To further validate this model, one can delete each of the three questionable patterns and look at the model statistics to see if the modified model can still perform well. Columns three, four, and five of
Table 7 demonstrate deviance, sum of Pearson chi-square residuals, and the Hosmer-Lemeshow goodness-of-fit statistic for three models excluding covariates 97, 55, and 100, respectively. These numbers indicate that the selected additive model (i.e., SoI + PT + CoI) can still perform well and fit the data in each case. The results of three other scenarios in
Table 7 (i.e., removing two covariates with the poorest fit, removing two covariates with the largest influence, and removing all three covariates) also show that the additive model with three variables can fit the data very well in each scenario. These findings indicate that the additive model performs well with the remaining 105 covariates patterns (representing 91% of all accidents). Based on these results, the three questionable covariates were removed from the rest of analysis.
III. Validation
As mentioned by Iezzoni [
63], calibration and discrimination are two main methods to assess the performance of a logistic regression model on unseen data. While discrimination measures the ability of a model to distinguish between two classes of the dependent variable, calibration determines the model’s capability in producing estimations that are, on average, close to the observed classes [
64]. This study is focused on fatality rates among common accident scenarios. Due to the categorical nature of predictors, the fatality rate (i.e., dependent variable) of an accident scenario is calculated as the average of fatalities among all accidents in that scenario. For instance, among the eight accidents that have occurred in alteration/rehabilitation projects with tools and instruments representing the source of injury and interior plumbing/ducting/electrical work being the cause of injury, only one resulted in a fatality. Therefore, the observed/actual rate of fatality in this scenario is around 13%. As the objective is to study these rates and compare the performance of the logistic model to them, the authors have concluded that calibration measures would better serve this purpose.

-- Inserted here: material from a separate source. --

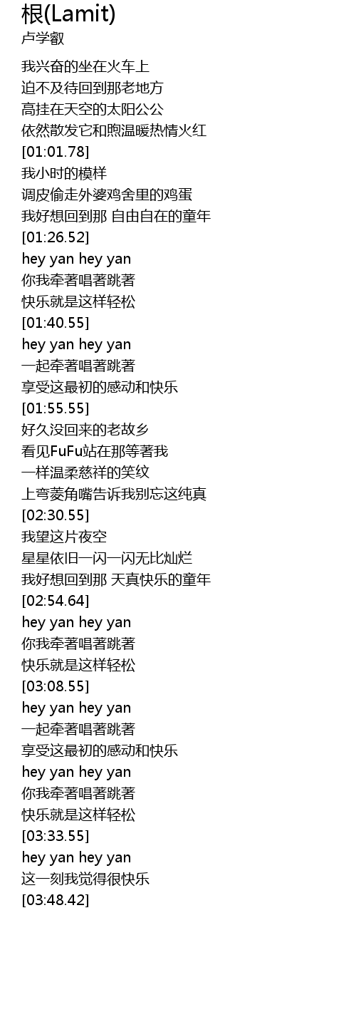 | [01:16.55] | 我好想回到那 自由自在的童年 |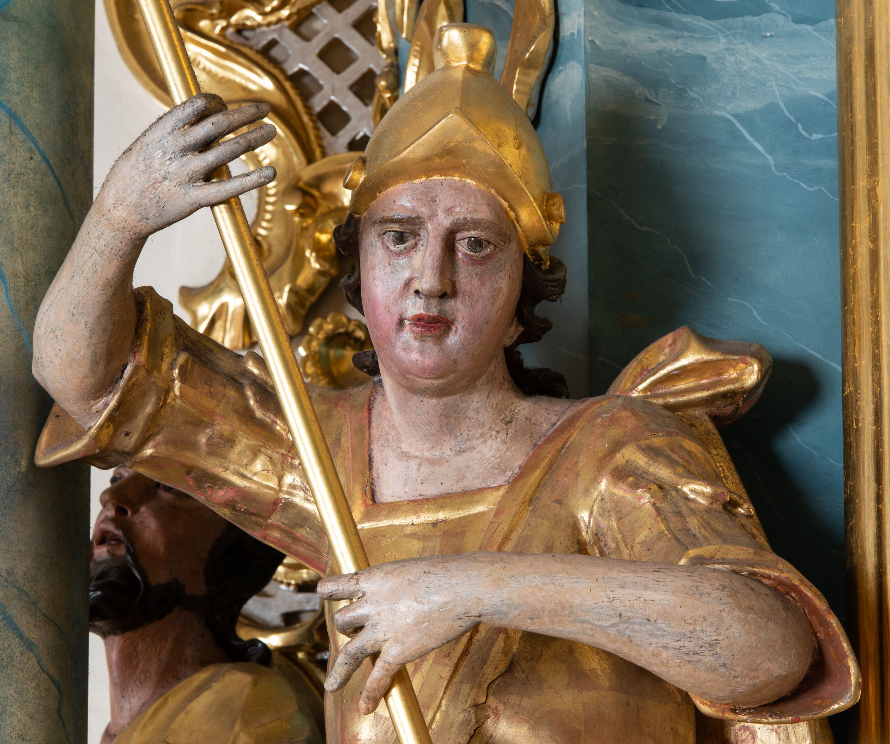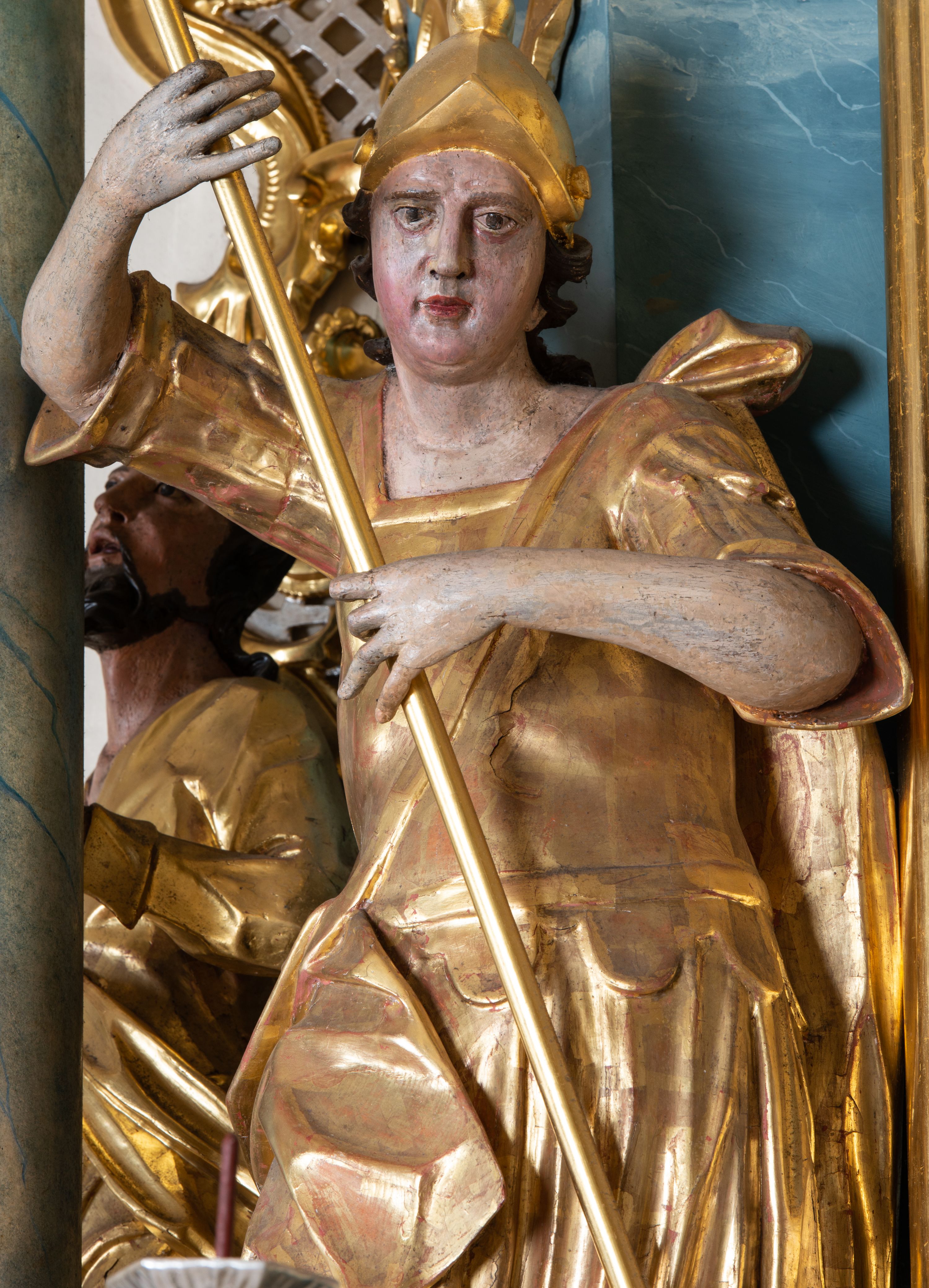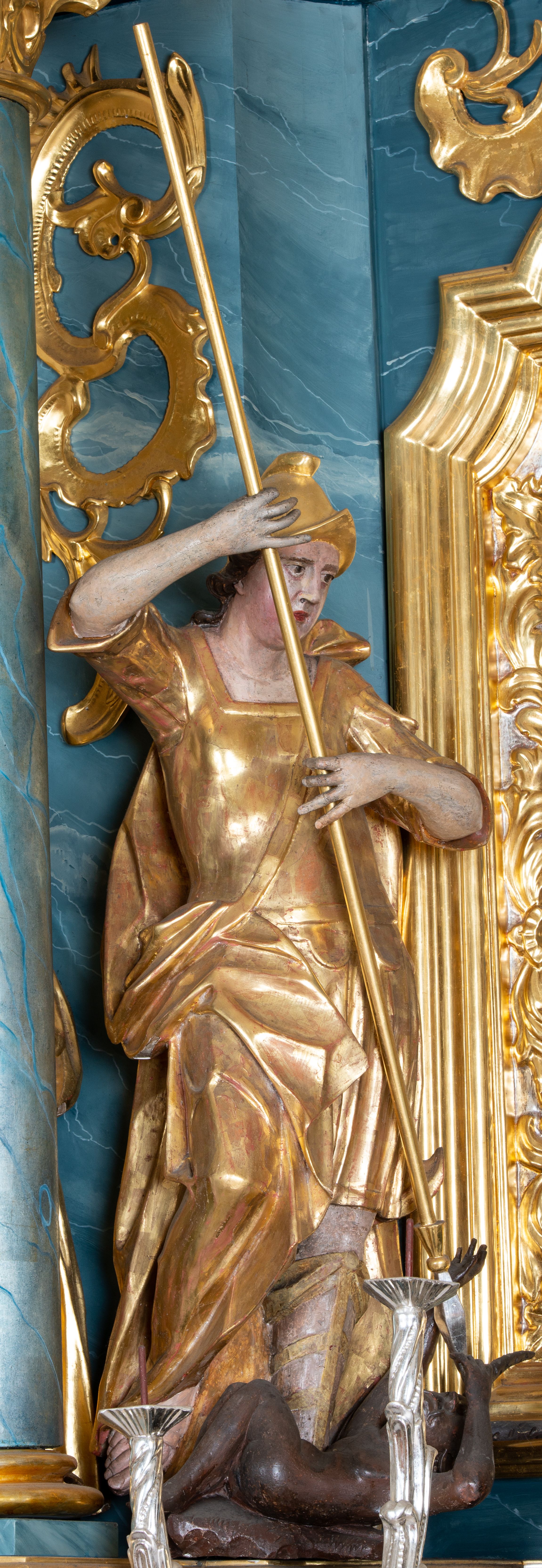Figura ścięta z tyłu, drążona, zwrócona w trzech czwartych w prawo, w kontrapoście. Święty obiema rękami trzyma włócznię skierowaną w dół w stronę leżącego u jego stóp diabła. Twarz ma pociągłą, o migdałowatych oczach, lekko garbatym nosie, pełnych ustach, okoloną długimi, silnie kręconymi włosami. Postać w stroju żołnierza, w tunice sięgającej kolan, zbroi oraz w płaszczu zarzuconym na plecy i opadającym na prawą nogę, przewiązanym taśmą przez tors, na głowie ma hełm. Ciało polichromowane naturalistycznie, strój złocony.

The same measure (i.e., HL statistic) can be used for calibration/validation purposes. The only difference is that the data would be divided into training and testing sets and the model would be developed on the training set and be tested on the unseen testing set. Large p-values indicate there is no evidence to believe the model does not fit test data. For more information on the test statistics for testing dataset look at [
54] (p. 155).
To validate the model on unseen data, a series of training sets were created using 70% of the source data, and a series of testing sets were created using 30% of the source data. To increase the reliability of the results, this study applied a stratified sampling method to generate training/testing data sets. The same measure (i.e., Hosmer-Lemeshow statistic) was calculated to ensure that the model, which was trained only on the training set, can fit testing data well. The chi-square statistic of 6.97 and the p-value of 0.540 showed that the proposed model can fit unseen data as well.